How do the rivers Tigris and Euphrates figure into a Black Sea/Med. Sea hypothesis? Doesn't it stand to reason that a good way to permanently shut us out of the garden of Eden was to make it absolutely impossible to inhabit that ground? And what about all that petroleum under the Saudi desert?

I do believe the flood was world wide which accounts for sedimentary rock strata found everywhere.


----------



## Bladestunner316 (Feb 3, 2006)

NO it was billions of years of evolution because of the big bang


----------



## non dignus (Feb 3, 2006)

I believe in the big bang theory.

God said it, and BANG there it was. I heard a theory (this is a little off topic, I hope you don't mind) that the Lord first created all the energy of the universe: "Let there be light." That was the ex nihilo'. So then He used those light "waveacles" as basic building blocks to make the elements and so forth which means everything is an intricate constuction of these light units.


----------



## Bladestunner316 (Feb 3, 2006)

Interesting I also heard a theory that God used the angels to create things.


----------



## Anton Bruckner (Feb 3, 2006)

God said, "Let there be Light", not God told the angels, say, "Let there be Light".

I was a local flood proponent, but I had to change to global flood. The evidence is too overwhelming.


----------



## biblelighthouse (Feb 3, 2006)

> _Originally posted by Slippery_
> God said, "Let there be Light", not God told the angels, say, "Let there be Light".
> 
> I was a local flood proponent, but I had to change to global flood. The evidence is too overwhelming.




I used to be a global flood proponent, but I changed to believe in a local flood. I believe the geological evidence is too overwhelming.

Thus, your statement above surprises me. Are you a follower of Henry Morris, perhaps? Do you attempt to explain all the world's fossil deposits as a result of the flood? I hope not, because it is VERY easy to demonstrate that they CANNOT be explained by a global flood. 

What evidence did you find "overwhelming" in support of a global flood? I am genuinely interested in hearing your perspective.


----------



## biblelighthouse (Feb 3, 2006)

> _Originally posted by non dignus_
> 
> I do believe the flood was world wide which accounts for sedimentary rock strata found everywhere.




I am curious how you support this. Sedementary rock is full of fossils.
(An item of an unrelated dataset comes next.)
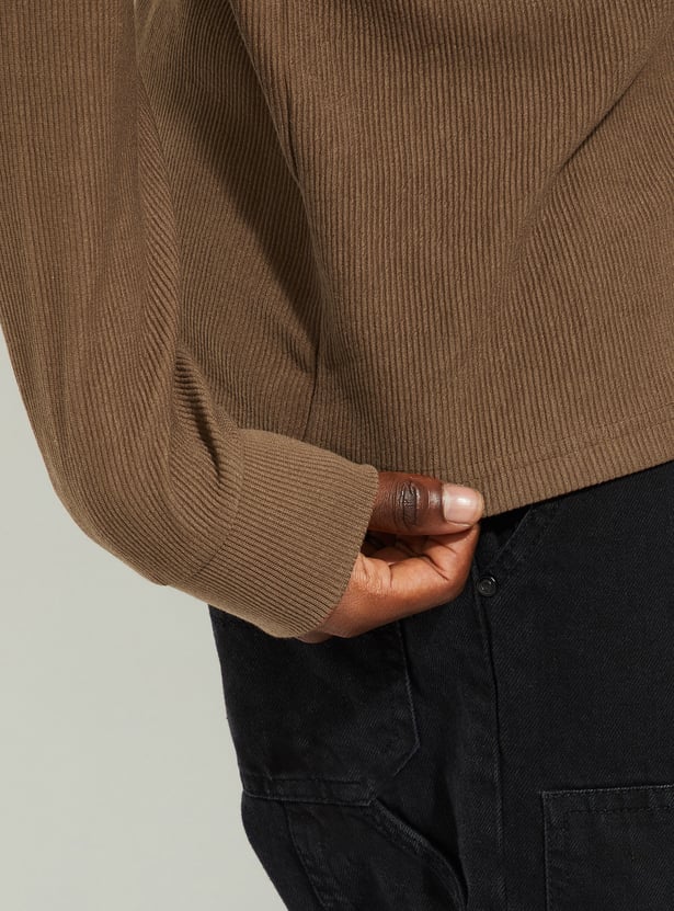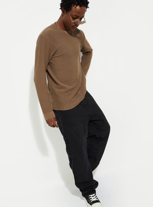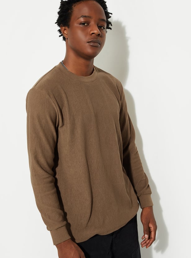 Level up your street style with this ribbed T-shirt, designed to turn heads. Featuring full sleeves and a classic crew neck, it guarantees all-day comfort. The regular fit enhances its effortlessly cool vibe, making it the perfect go-to for a laid-back yet stylish look.

And the distribution of fossils is totally inexplicable in accordance with a global flood. I am not saying they were necessarily deposited over millions of years. But I am saying that it is impossible to conceive of them all being deposited at once. The fossil strata would look VERY different if that were the case.


----------



## BobVigneault (Feb 3, 2006)

Genesis 6:17 The flood continued forty days on the earth. The waters increased and bore up the ark, and it rose high above the earth. 18 The waters prevailed and increased greatly on the earth, and the ark floated on the face of the waters. *19 And the waters prevailed so mightily on the earth that all the high mountains under the whole heaven were covered. 20 The waters prevailed above the mountains, covering them fifteen cubits deep.*

That's enough evidence for me.


----------



## kceaster (Feb 3, 2006)

Indiana was once under water, and it was salt water. For anyone who has been here that is pretty amazing. Right now, the mean elevation is 700 feet above sea level. Kentucky is 750, Ohio is 800, Michigan is 900, and Illinois is 600. Evidence suggests that all five of these states were under water.

KC


----------



## biblelighthouse (Feb 3, 2006)

> _Originally posted by BobVigneault_
> Genesis 6:17 The flood continued forty days on the earth. The waters increased and bore up the ark, and it rose high above the earth. 18 The waters prevailed and increased greatly on the earth, and the ark floated on the face of the waters. *19 And the waters prevailed so mightily on the earth that all the high mountains under the whole heaven were covered. 20 The waters prevailed above the mountains, covering them fifteen cubits deep.*
> 
> That's enough evidence for me.



Bob, the English translation distorts the Hebrew a bit. In truth, a regional flood fits the data of Genesis 6-9 very well.

Please read this article:

The Genesis Flood - Why the Bible Says It Must be Local



Also consider these:

NOAH'S ARK & FLOOD - Global Or Regional? 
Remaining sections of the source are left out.